Les études anatomiques
ont mis en évidence la proximité entre les collecteurs lymphatiques
pancréatiques et le canal thoracique et ont montré la précocité de
l’envahissement lymphatique à ce niveau.
Lorsqu’une récidive
ganglionnaire survient lors du suivi du malade, elle est
exceptionnellement isolée ; elle s’accompagne dans près de 80 % des
cas d’une atteinte hépatique, dans plus de la moité des cas d’une
carcinose péritonéale, et/ou de métastases pulmonaires et dans un
quart des cas, de métastases osseuses.
L’étendue à donner au curage
ganglionnaire est donc discutée et un curage lymphatique
extensif ne semble actuellement bénéfique que chez les patients
ayant un envahissement ganglionnaire au moment de l’intervention.

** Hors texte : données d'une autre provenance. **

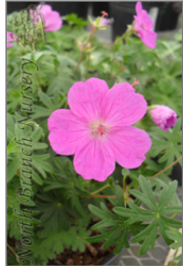
Hardy Geranium

Sanguineum Cranesbill is recommended for the following landscape applications;

Des survies à 5 ans après résection ont été rapportées en cas
d’envahissement ganglionnaire ; la découverte d’adénopathies
positives lors de la laparotomie ne constitue donc pas une contreindication
à l’exérèse.
Plusieurs arguments sont avancés pour
justifier cette attitude : la résection constitue le meilleur des
traitements palliatifs ; l’envahissement ganglionnaire parfois
suspecté lors du bilan préopératoire ne peut être affirmé qu’a
posteriori lors du contrôle histologique et des survies prolongées
sont toujours possibles.
2- Suites opératoires
:
Il y a une indiscutable relation entre l’expérience de l’équipe en
matière de pathologie pancréatique et la qualité des suites
opératoires.
Celles-ci demeurent grevées d’une lourde morbidité,
atteignant 25 à 40 % des cas.
La mortalité s’est considérablement
réduite au cours de ces dernières années, variant de 0 à
10 %. Le taux de réinterventions est cependant faible.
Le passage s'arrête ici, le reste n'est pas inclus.